Since Open MPI was being used, it was important to note which collective mechanism was employed under the MPI_Reduce()
. The core dumps revealed that the UCX PML module was involved and the fault asserted downstream in UCX's ucp_rndv_progress_rma_zcopy_common()
function.
Solution to the issue came in two distinct stages.
With
MPI_Reduce()
operations over a very large array
the first attempt at a mitigation was to increase the size of the chunks in M_sum_master_d()
. For the sake of testing the desire was to make the chunk size configurable at runtime. The vendor's code (see mpi.F
) includes static work arrays that are dimensioned at compile time. The code was rewritten to dynamically-allocate those work arrays using the compiled-in size by default, overridden by the value of VASP_MPI_BLOCK
in the environment, e.g.
$ mpirun vasp_std : Using default MPI_BLOCK size: 8000 MPI work arrays allocated using MPI_BLOCK : $ VASP_MPI_BLOCK=131072 mpirun vasp_std : Using MPI_BLOCK size from environment: 131072 MPI work arrays allocated using MPI_BLOCK :
Testing showed that the introduction of the variable MPI_BLOCK
and dynamically-allocated work arrays did not affect the performance of VASP. However, the change only delayed the occurrence of the MR cache exhaustion; it did not remove it. Nevertheless, the variable MPI_BLOCK
size seems to be a very useful feature and has been brought to the attention of the VASP developers. Patches for various VASP releases exist in this Github repository.
Ideally, it would be even more useful to respond to VASP_MPI_BLOCK=none
or VASP_MPI_BLOCK=0
by not fragmenting the array and instead issuing a single MPI_Reduce()
. Since many modern transport libraries underpinning MPI effect fragmentation themselves and only as necessary, the conditions that prompted M_sum_master_d()
back in the era of the Intel Pentium no longer exist.
When runtime variation of MPI_BLOCK
did not completely remove the issue, further testing was performed. The data collected eventually led to Google searches that returned a Github issue with the openucx project. In the dialog associated with the issue, one interesting point was raised:
# # Maximal number of regions in the registration cache # # syntax: unsigned long: <number>, "inf", or "auto" # inherits: UCX_RCACHE_MAX_REGIONS # UCX_IB_RCACHE_MAX_REGIONS=inf
By default, the UCX library does not limit the number of memory regions it attempts to register with the underlying InfiniBand hardware. If the MR cache can accommodate N_lines memory regions and an MPI job uses N_r ranks for a collective, then each rank has an effective limit of N_lines / N_r memory regions it can register. Obviously, as N_r grows, the MPI program has the potential to saturate the MR cache at a rate N_r times faster than a serial task.

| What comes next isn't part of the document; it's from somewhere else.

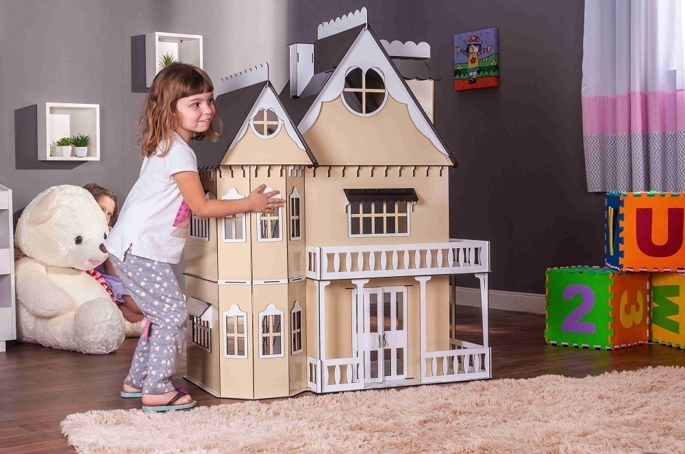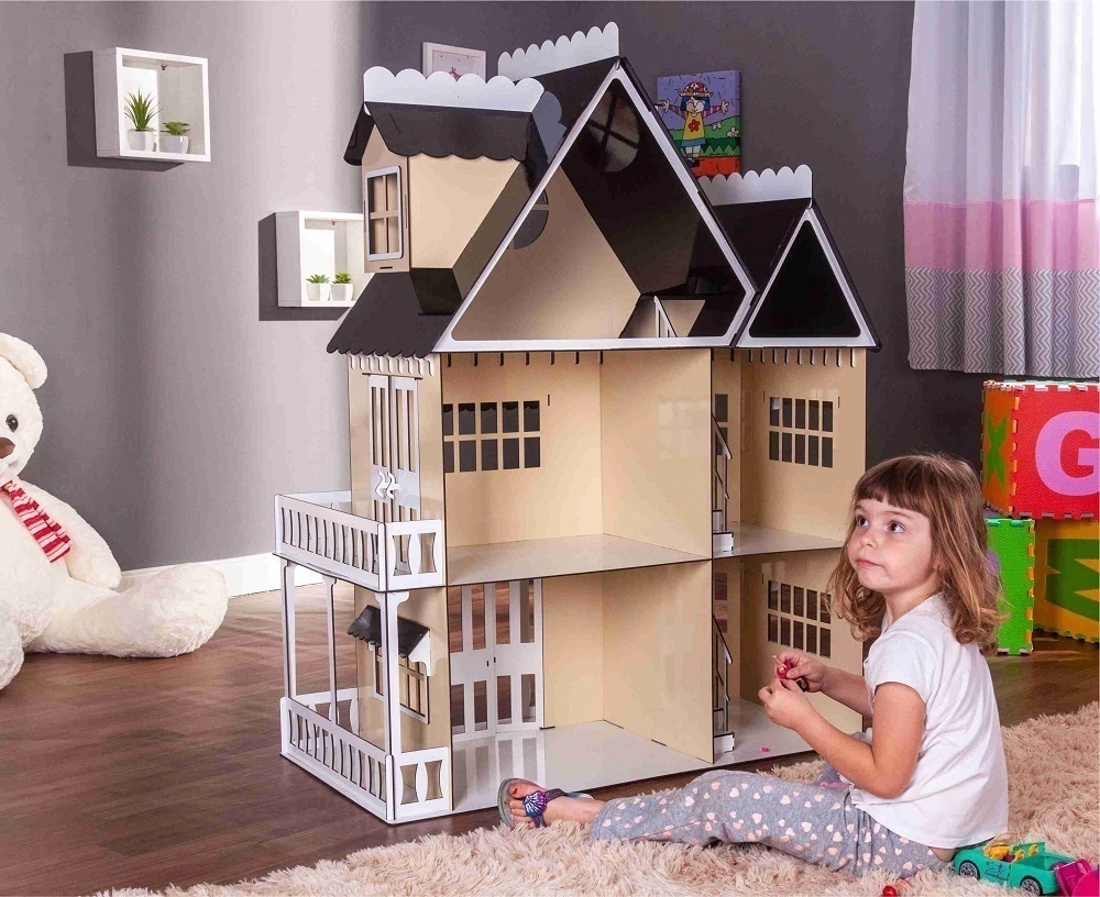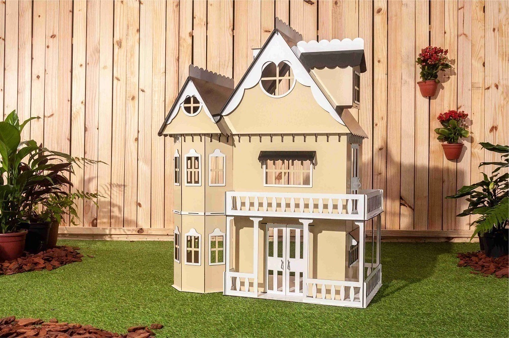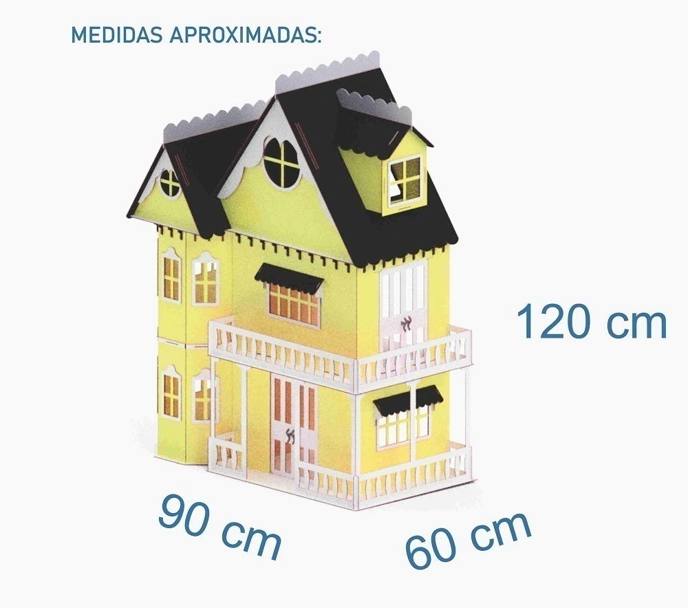 Confeccionada em mdf de 3 mm,a casinha de bonecas é composta por diversas peças,as quais se encaixam sutilmente devido a precisão de corte dos mesmos. Não acompanha móveis.

Empirical observation of the MR cache behavior showed sizes in the neighborhood of 600k when the memkey registration failed: for a node with 64 CPU cores and an MPI job doing an i/o operation across all 64 ranks, a limit of ca. 9375 is indicated. A very conservative limit on UCX's registration behavior was tried first:
$ UCX_IB_RCACHE_MAX_REGIONS=500 VASP_MPI_BLOCK=131072 mpirun vasp_std
With the addition of a finite UCX_IB_RCACHE_MAX_REGIONS
to the environment, the program made it past the initial KPAR_SYNC_ALL()
call and successfully iterated through the wavefunction minimization loop.
The default of UCX_IB_RCACHE_MAX_REGIONS=inf
does not necessarily impact all workloads: the majority of MPI jobs run on DARWIN have not encountered the MR cache exhaustion discussed herein. But the fact that the hardware capabilities are over-provisioned by default in UCX is problematic, since most users will have a difficult time debugging this issue when and if it arises.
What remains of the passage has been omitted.